Despite being an incredibly successful explorer, Amundsen was at his core a conservative guy who refused to embrace popular changes without sufficient evidence.
Scott, on the other hand, was blinded by “progress,” resulting in his decision to embrace a promising new technology – the motor sledge.
An early version of the snowmobile, the motor sledge SHOULD have given Scott’s team a huge advantage over Amundsen’s expedition, which was relying on more traditional dog sleds for transportation.
Unfortunately for Scott, the motor sledges – which hadn’t been previously tested in the South Pole – failed within the first few days of the expedition, leaving his men to “man haul” gear hundreds of miles through miserable conditions.

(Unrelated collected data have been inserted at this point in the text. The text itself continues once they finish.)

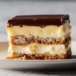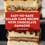 This classic Eclair Cake is a no-bake dessert made with layers of graham crackers, creamy vanilla pastry filling, and a rich chocolate ganache topping. It’s a perfect combination of smooth, sweet custard and crunchy crackers, chilled to set into a deliciously indulgent treat for any occasion.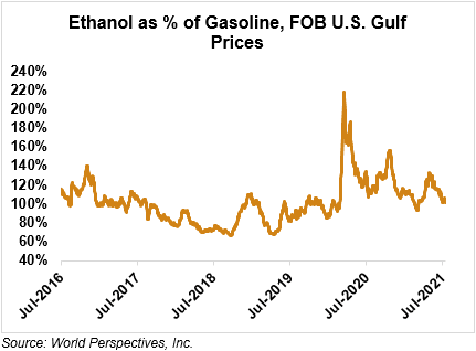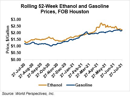 FOB Houston ethanol prices finished last week 0.5 percent higher but are down 2 percent through Tuesday’s trading from Friday’s close. FOB Houston ethanol prices are quoted at 58.88 cents/liter (222.87 cents/gallon). FOB Santos, Brazil anhydrous ethanol prices were higher last week; they are up in early week trading, rising 0.6 percent to 69.51 cents/liter (263.14 cents/gallon) through Tuesday’s trading.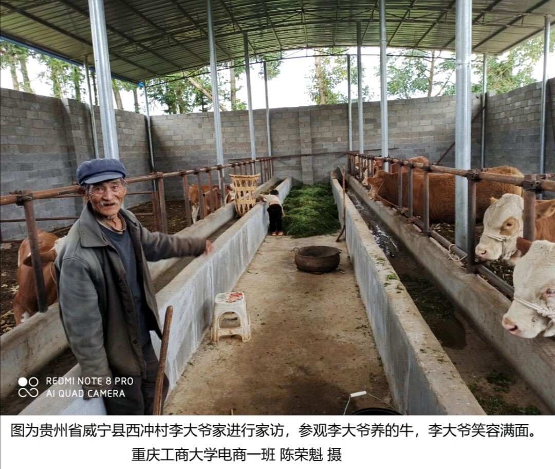 7月28日,陈荣魁同学来到了养殖贫困户李大爷家,从采访中了解到李大爷及其家人们的生活慢慢变得富裕起来,收入也慢慢增多,心里也越来越踏实。陈荣魁同学从李大爷那里得知,自己及家人也是感觉很幸福的,现在不用担心温饱问题。在陈荣魁一行人离开的时候,李大爷感慨:国家实施精准扶贫,相信一定会在不久的将来建成全面小康社会。
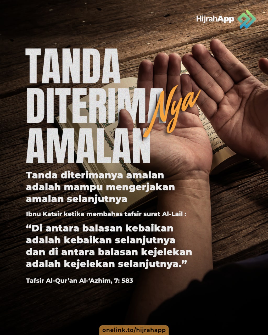 Berarti tanda amalan Ramadhan kita diterima adalah menjadi lebih baik selepas Ramadhan atau minimal menjaga kebaikan yang telah ada. Contoh kebaikan yang dilakukan setelah Ramadhan adalah puasa Syawal. Tanda amalan kita di bulan Ramadhan tidak diterima adalah setelah Ramadhan tidak lagi ada kebaikan, bahkan sampai meninggalkan kewajiban seperti kewajiban shalat lima waktu.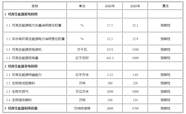 可再生能源總量目標(biāo)?!笆奈濉逼陂g,可再生能源在一次能源消費增量中占比超過50%,到2025年,可再生能源消費總量達(dá)到4700萬噸標(biāo)煤左右。非化石能源占一次能源消費總量比重16%左右。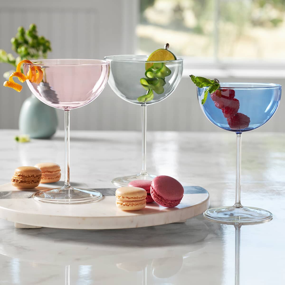 Manhattan Coupes Blue Set of 2 (P/N 37046). Serve cocktails, mocktails, Champagne and dessert in our sophisticated transparent colored coupes.
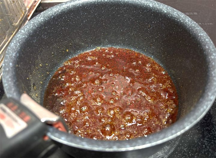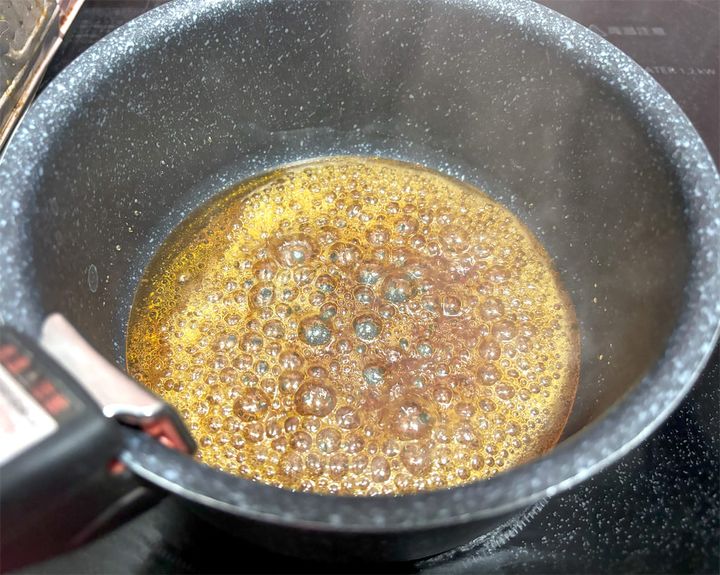 こうして完成したカラメルソースは下の画像のようにきれいな色合いになります。
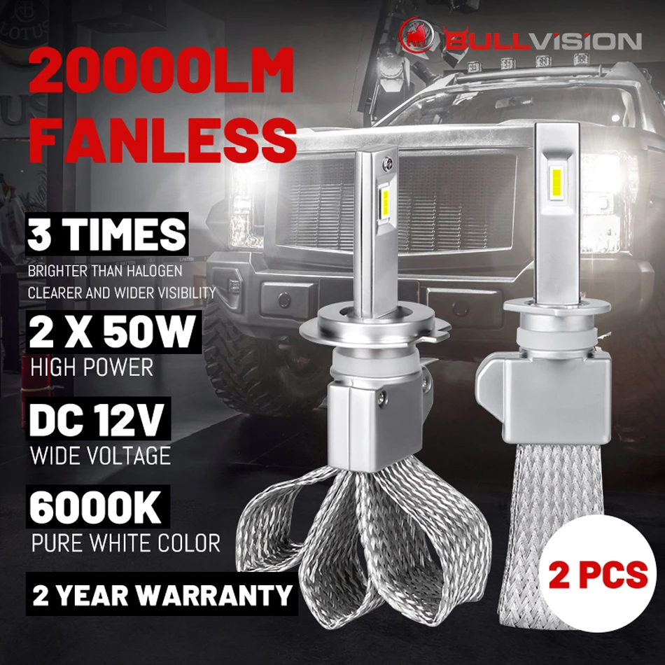 Светодиодные фары Bullvision H8, фары H4, H11, H7, H1, H9, 9005, 9006, HB3, HB4 без вентилятора, холодные лампы для объектива проектора, белые чипы CSP 6000K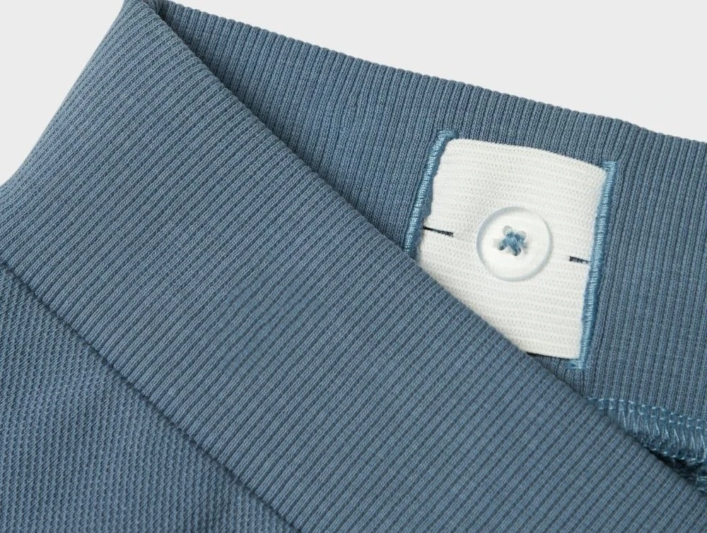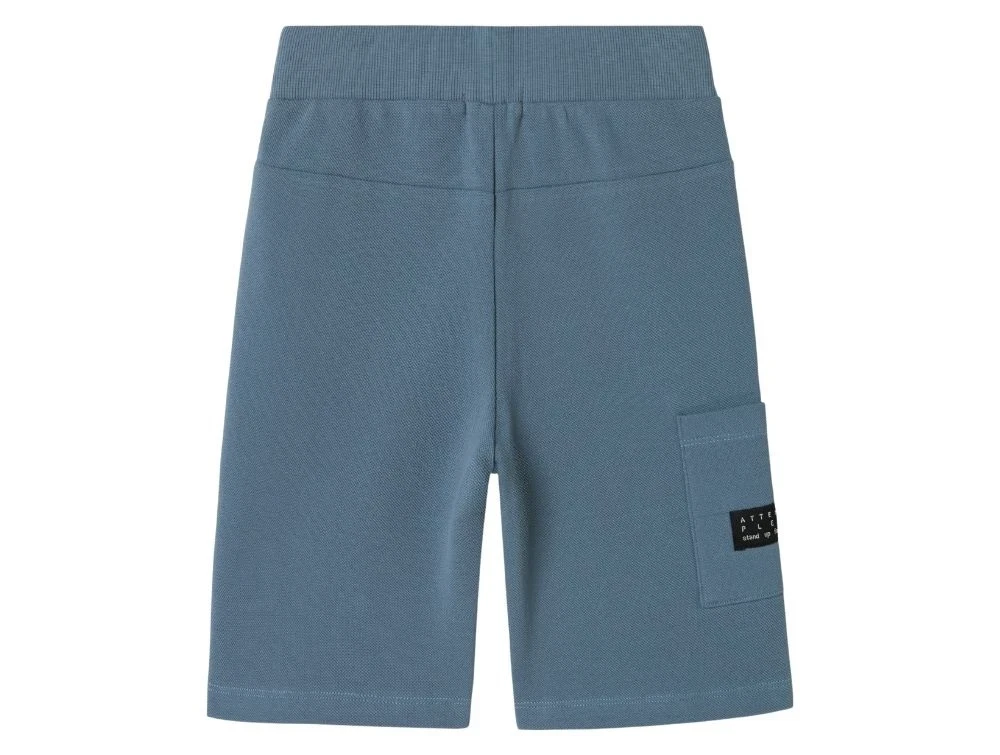 Blå sweatshorts fra Name It med lommer 13230041Blå sweatshorts bagfra  med lommer fra Name It 13230041Justerbar knaphulselastik i blå sweatshorts fra Name It 13230041 blue mirage

While Amundsen’s initial decision to ignore the motor sledge may have left him outside of the mainstream view of the direction that polar exploration was heading, he refused to conform to common expectations until he was convinced that those expectations were right for his team.
That’s an important lesson for organizational leaders: In a world of almost constant change, it’s difficult NOT to conform, isn’t it?
While it may be difficult to push back against outside expectations, however, resistance to the unsubstantiated whims that can leave an organization distracted is a defining trait of the most successful leaders.
Sure, Scott’s decision to head to the South Pole with motor sledges was sexy. But survival in harsh circumstances depends on something more than sexy.
It depends on consistency.
Is any of this making sense?
More importantly, how does your school measure up against Amundsen in terms of organizational discipline?
Are you setting realistic goals? Are you insisting on making measurable forward progress every single day? Are you resisting the inevitable distractions that bring down organizations every single day?
If not, are you prepared to be buried by circumstances?